David also, of course, made time to pursue his own interests. At golf, he achieved a handicap of six in his early seventies and invariably won our annual challenge match at Puckrup. He was especially pleased that on his best form he could go round the golf course in less than his age, rightly boasting that it was something that Tiger Woods and Rory McIlroy had never done. He regularly attended Test matches at Lord’s, queuing in the early hours to gain his favourite seats in the Allen stand, one of which was usually reserved for Richard Lloyd. He was an art enthusiast, periodically visiting the National Portrait Gallery, the Tate, the Wallace collection and the house of Samuel Johnson – another hero. Such visits might also include Handel’s house in Brook Street, and as this signifies, it was music – the activity which David practised from his earliest days learning the violin with Dorothy Dalrymple of Bratton – that became his predominant interest in retirement: as a long-standing member of this church’s choir, Cantus and the Wheatsheaf consort; and as the founder with Laura, with whom he shared many interests in his later years, of the Barnsford singers.

But there are three other golden threads that have run through the latter part of David’s life: his children, of whom he was justly proud. Jim, living in Faversham with his wife Jo and three children, has undertaken a career in transport and is a director of one of the leading international transport consultancies; Lucy, who lives in Shepshed with her partner Barbara and their dog Holly, has pursued a varied career, including time as a driving instructor, work for DHL and more recently as a carer; and Matthew, now living in Cheddar with his wife Sophie and their four children, runs a well-established and successful European business. The varied course of their lives, the happiness in their personal relationships and the joy in the arrival of the seven grandchildren gave David enormous pleasure over many years.

Finally, if I may end on a personal note, it was music that bought David and myself together for the last time – last October in Llandaff Cathedral, where I had the privilege of singing three choral services with the Wheatsheaf consort.
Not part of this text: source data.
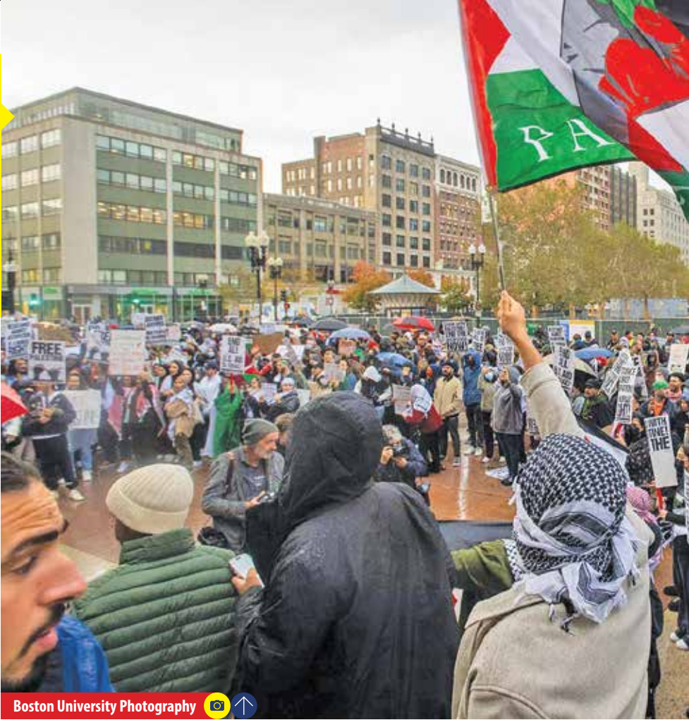
Boston University Photography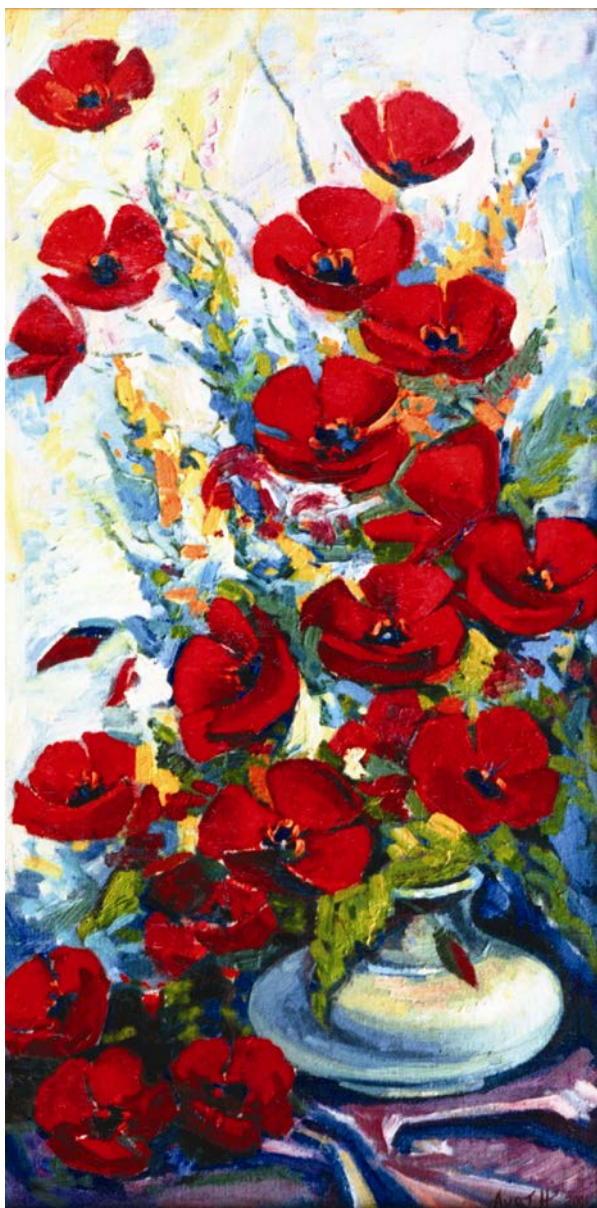
Ahat Nuwwayewyň çeken natýurmorty.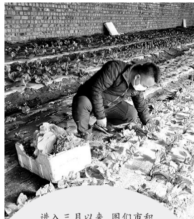
进入三月以来,图们市积极引导蔬菜种植专业合作社和菜种植大户,在抓好疫情防控的同时,不误农时,努力发展春季蔬菜生产,保障市场蔬菜供应,增加农民收入。图为石砚镇水南村农民在大棚里采收叶菜。

确、高效协同的指挥体系。全省规划200多个火灾多发易发危险区,确定400多支跨区增援队伍,各支队伍明确支援任务、增援路线、赶赴时间和装备给养配备要求,确保遇有紧急情况,能够快速形成区域联动,快速集结支援力量,奔赴火场实施重兵扑救。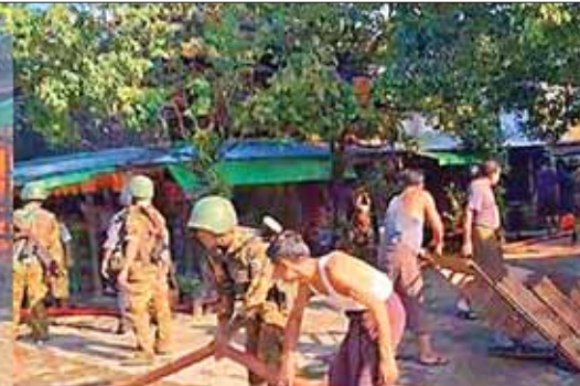
အကြမ်းဖက်သောင်းကျန်းသူများက Drone အသုံးပြု၍ Drop Bomb ချ တိုက်ခိုက်မှုကြောင့် ပုတ္တားကျွန်းမြို့၊ မြို့မဈေးမီးလောင်မှုကို တပ်မတော်သားများနှင့် ပြည်သူလူထုက ဝိုင်းဝန်းငြိမ်းသတ်နေစဉ်။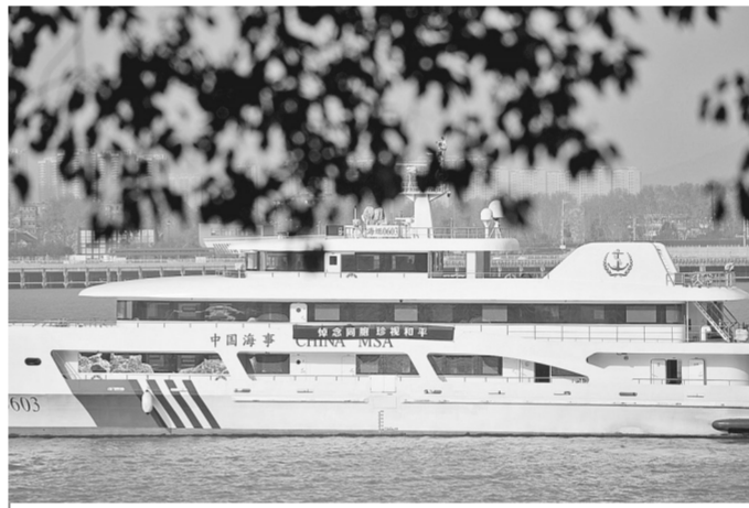
12月13日，船只在侵华日军南京大屠杀中山码头遇难同胞纪念碑附近江面参加悼念活动。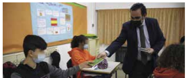
El Alcalde reparte la Constitución a los alumnos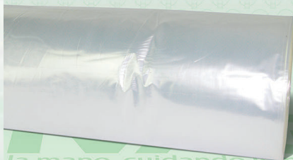
Rollo Plástico Primera Bio 35X45

Marca. XIVAG Precio Paquete. $295.00 Precio de Caja. $1,710.00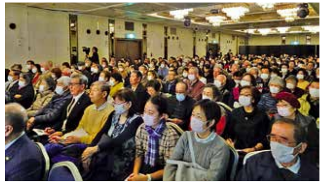
2/17 三浦半島青年団体交流会 講演会 於：セントラルホテル テーマ「自分を前に進める力」 講師：元財務官僚・ニューヨーク州弁護士 山口 真由 氏 主 催／(公社)横須賀法人会青年部会・横須賀商工会議所青年部・(公社)横須賀青年会議所 三浦商工会議所青年部・(公社)三浦青年会議所・横須賀青年八日会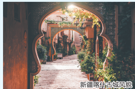
新疆喀什古城风貌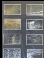
Guerra civile spagnola II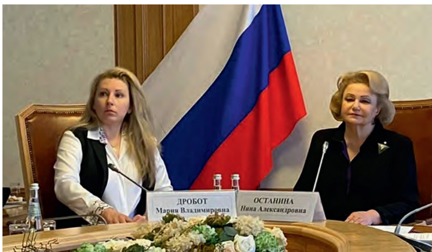
Председатель Комитета Н. А. Останина и заместитель председателя Комитета М. В. Дробот приняли участие в совместном вебинаре с фракцией Меджлиса Исламского Совета Ирана по делам женщин и семьи (Государственная Дума, г. Москва, 09.02.2022 г.)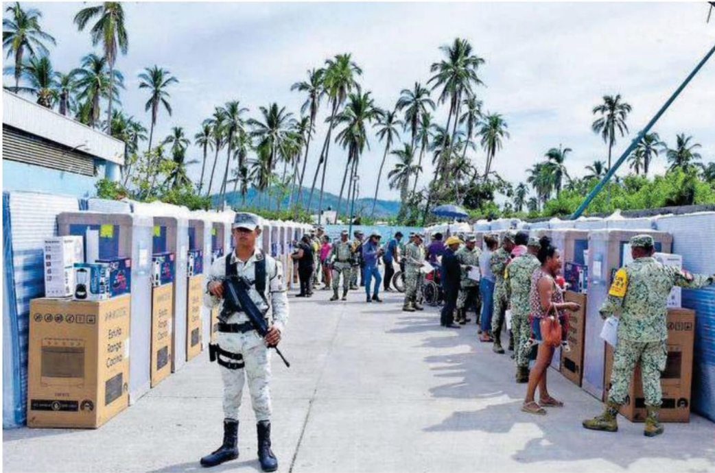
Ejército y Guardia Nacional entregaron enseres a afectados por Otis en Acapulco, en diciembre de 2023

Para la temporada de este año, Conagua previó hasta 41 ciclones: entre 15 y 18 en el Pacífico, y entre 20 y 23 en el Atlántico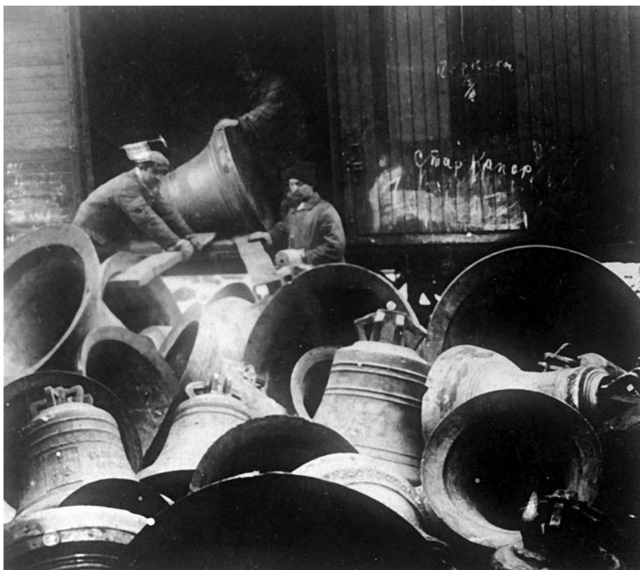
Церковные колокола перед переплавкой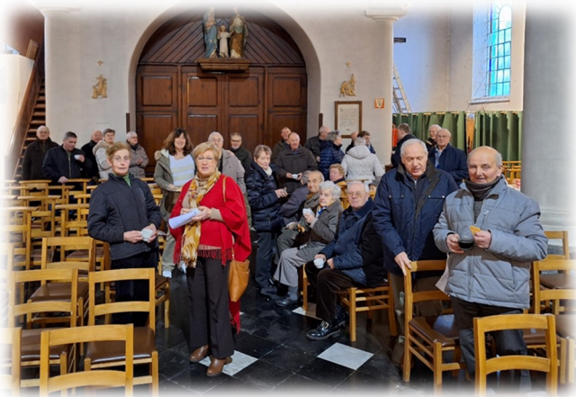
Paroisse de Dergneau

Petit moment de convivialité et de partage autour d'un café après la cérémonie du 21 janvier à l'occasion de la nouvelle année .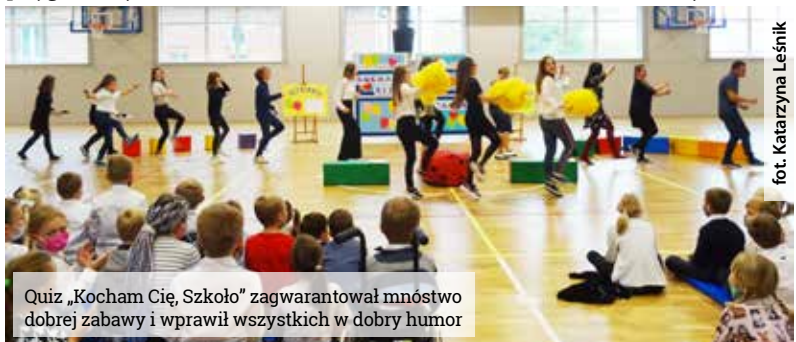
Quiz „Kocham Cię, Szkoło” zagwarantował mnóstwo dobrej zabawy i wprawił wszystkich w dobry humor

Standing next to David in the choir stalls on Decani in that place, I marvelled at both his musicianship and his ability to sing the weekend offices in a sweet baritone voice in his mid-eighties. That was the last time we met, but not quite our last communication, for I received his Christmas card – with a signature as clear as it had been when he signed his Hereford governors’ reports nearly fifty years earlier – a card which featured three magi as depicted on a sixth century church mosaic in Ravenna. This photograph, incidentally, was taken on one of his two trips last year to Italy, a country which he particularly loved.

So as it was fitting that David was born on the day dedicated to all English saints, it was also appropriate that he died on the feast of the Epiphany. For David was a wise man, a good and loyal friend and, above all, a devoted husband, partner, brother, father and grandfather. May David rest in peace with the saints, and in this Epiphany season, ascend to the heavenly choir.